Totalitarian propaganda requires the control of the media to work. Emotional abuse uses gaslighting tactics to disarm the critical abilities of the victim.

Controlling words in order to protect people from these assaults only serves to centralise the very powers that can do the most damage.

The value of the free press is that it is essentially the anti-centralisation of power. It ensures that citizens determine what enters their minds on the basis of their own critical, independent thought only, as opposed to the careful sanctions of higher-ups, however benevolent these higher-ups claim to be.

In the late nineties, the great promise of the internet was that it was going to fully realise the democratic idea of the free press. And there is an argument to say that it has. Each of us can run a media company, each of us is a reporter. None of us is forced to fall back on mainstream sources of knowledge.

However, in the last ten years, the centralisation of power in the hands of Google, Apple and Facebook, presents the same challenge as that of the hegemony of UK press barons.

A centralised press is never free, and the current state of the internet means that all the gains of independent publishing add up to a negative for independent thought. If anything, we are more hungry than ever for a mainstream, for a central authority to help us navigate the uncritical online space.

The great irony of our age is that total democratisation silences real dissent better than any totalitarian regime. A challenging voice is robbed of its danger if it is just one voice in a cacophony of 80 million other voices. The mainstream consolidates itself as the gaggle of commentary grows on the internet.

A voice can only truly be dissenting if it actually impacts the mainstream.

This may leave us feeling depressed. But the real challenge to the free press is not cultural overload. The facts of life in a social media world only make dissent impossible if we cave in to apathy and frustration.

What we often forget is that the free press is part of individual rights. It guarantees us a right to not only say what we want, but to have our voices heard – if we are prepared to do the work.

A free press requires us to take the risk of failure. It means a long-term battle, a war of attrition with the centralised status quo. In that sense, the state of the free press is as it was in Milton’s time, a dangerous, arduous fight with no guarantee of victory.
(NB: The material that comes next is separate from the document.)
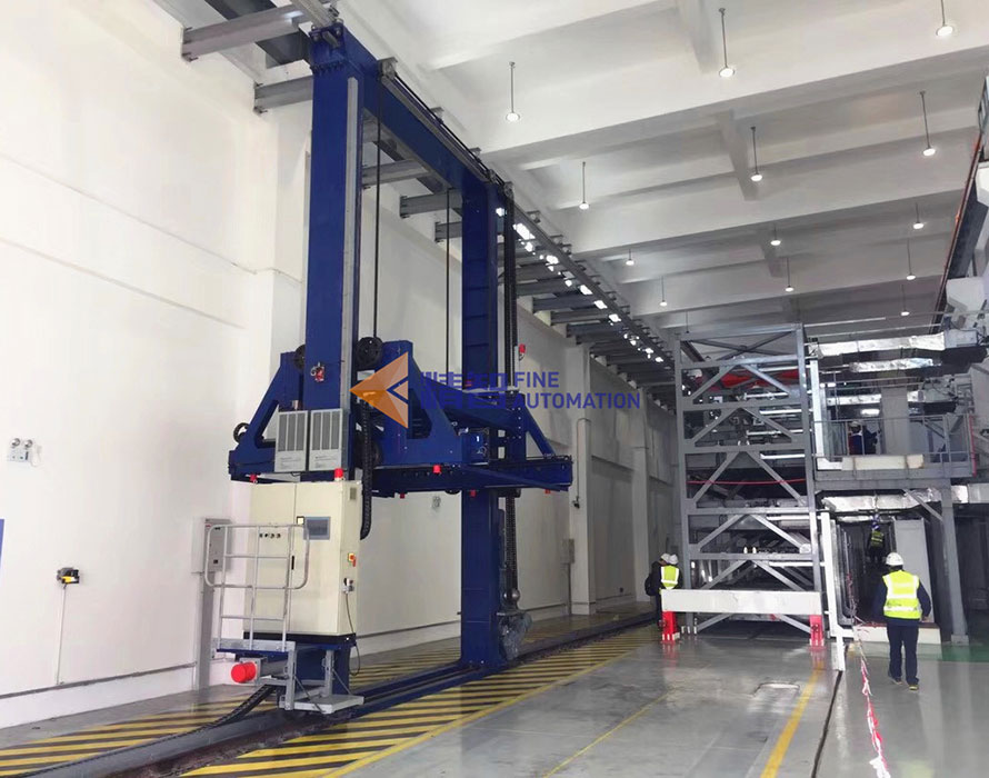 通過激光傳感器自動定位AGV的位置,實現(xiàn)精準對接,在換電過程中啟動自動跟隨系統(tǒng)實時調(diào)整換電機器人與AGV的相對位置關(guān)系,做到平順換電,快速換電。

All that is different in our age is that we apply social media values of instantaneity and popular trend to measure our impact. None of these have anything to do with the free press.

If the free press is under threat, we only have ourselves to blame. We must be aggressive, disruptive, unapologetic, dissenting and above all things LOUD. We must not let the internet fool us into the current, yuppy version of dissent and cultural disparateness that results from the overpraised democratisation of the media.

Yes, write your blog. Yes, start a YouTube company. But the mere existence of your independent voice doth not a free press make. Like all rights, the free press must be active, we must insist on being heard.